We talk a lot in the brand world about brand strategy, brand vision, brand planning and brand imaging. But in all of this discussion we are missing the critical component of customer context. To best understand we must ask this simple question and be prepared to answer it:
What is the mood of my brand?
When you ask this, you should be thinking about how your customers would react to this query. They are the one’s that have the best idea of what mood your brand creates. As an example, while your brand may evoke a mood of aspiration, your customers may think your brand evokes a feeling of commitment. Those are very different moods and your intent may not be translating to people based on the communications methods you are using.

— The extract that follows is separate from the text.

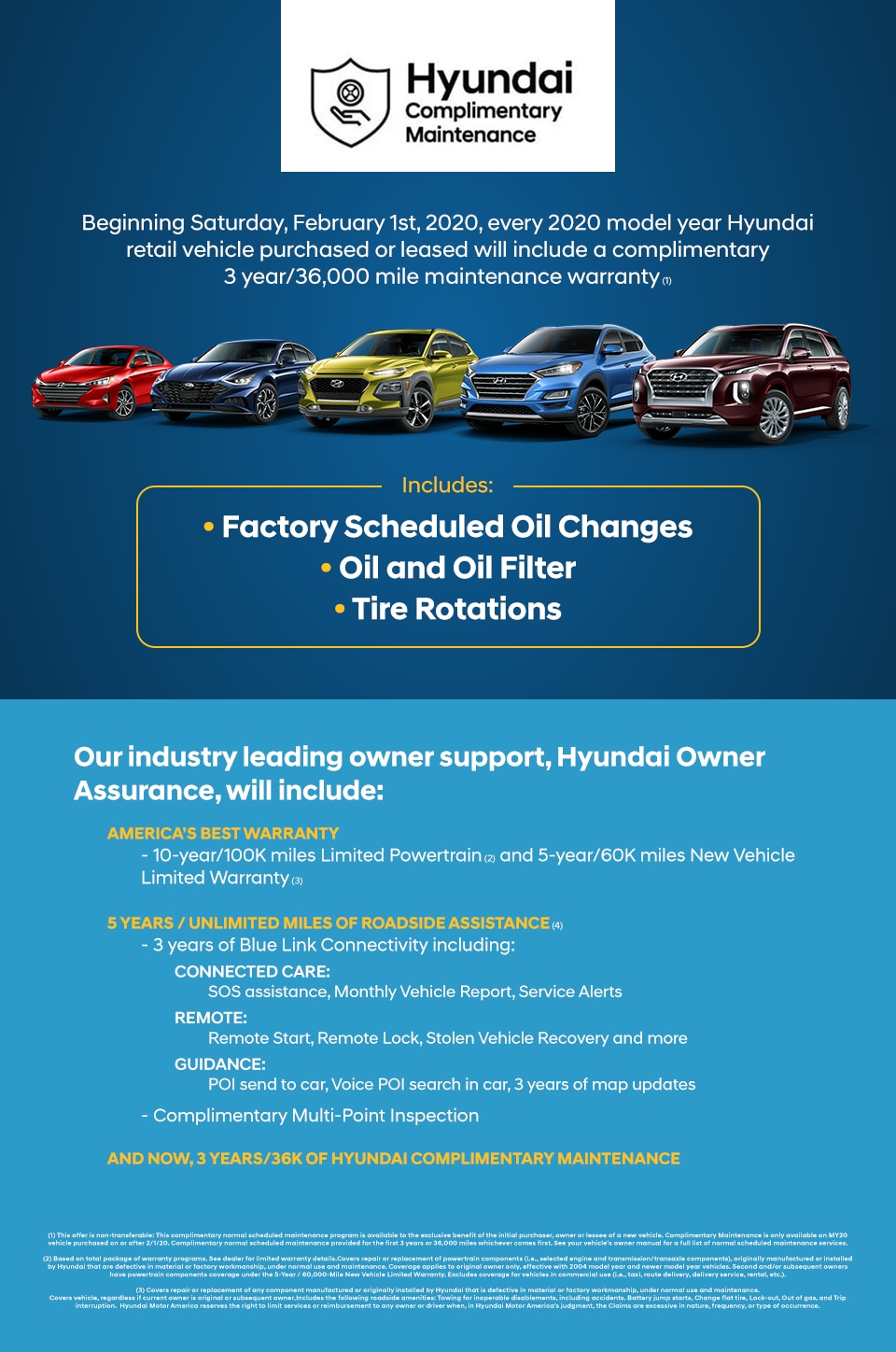 (1) This offer is non-transferable: This complimentary normal scheduled maintenance program is available to the exclusive benefit of the initial purchaser, owner or lessee of a new vehicle. Complimentary Maintenance is only available on MY20 vehicle purchased on or after 2/1/20. Complimentary normal scheduled maintenance provided for the first 3 years or 36,000 miles whichever comes first. See your vehicle's owner manual for a full list of normal scheduled maintenance services.

I think it’s important to ask and answer this question because the world brands are moving into is one of feelings and experiences. Take Spotify for example. When I power up the app it welcomes me with music I may want to listen to based on context. This context serves me up sounds based on my mood. Uptempo in morning as I prepare for the gym…downtempo at night as my day ends. Spotify is synchronized to my lifestyle and the context that shape my experiences and moods. So again, think about what mood your brand represents. Then go and answer that question like it is your customer mission.
If you are having trouble getting started, here’s two simple exercises. First, open a blank Word document. List 10 of your favorite brands. Then next to each note the mood you believe they evoke. Don’t consider what mood the brand is trying to evoke. What have you learned? Moods are not something rooted in data science but in pure emotion. If you are to set a proper emotional direction for your brand they must be considered and integrated with the ways you bring your brand to life. The data you collect moving forward will determine if that truly is your North Star. Emotions and instincts are necessary to complete this exercise based on small nuggets of data you have about your brand.
Creating a mood board for your brand is another valuable exercise. As Susan Goodwin points out, “It’s worth regularly standing back to have a look at the elements of your brand and how they are represented visually, and if that representation accurately reflects who you are and what you do.” Further, mood boards can be a source of inspiration and give you the clarity you need to keep your brand customer-centric in the moments of customer contact.
If you think mood doesn’t matter, think again. Moods are a huge determining factor in the decision-making process. People in a bad mood, even if they are loyal to your brand, may simply be turned off because of the mood they are feeling. Don’t take this topic lightly and don’t label it as some new age approach. This is your brands future and this needs to be asked and answered to tap into the feelings of those that matter most. Vanity metrics and data will never give you the full picture required to make a true connection.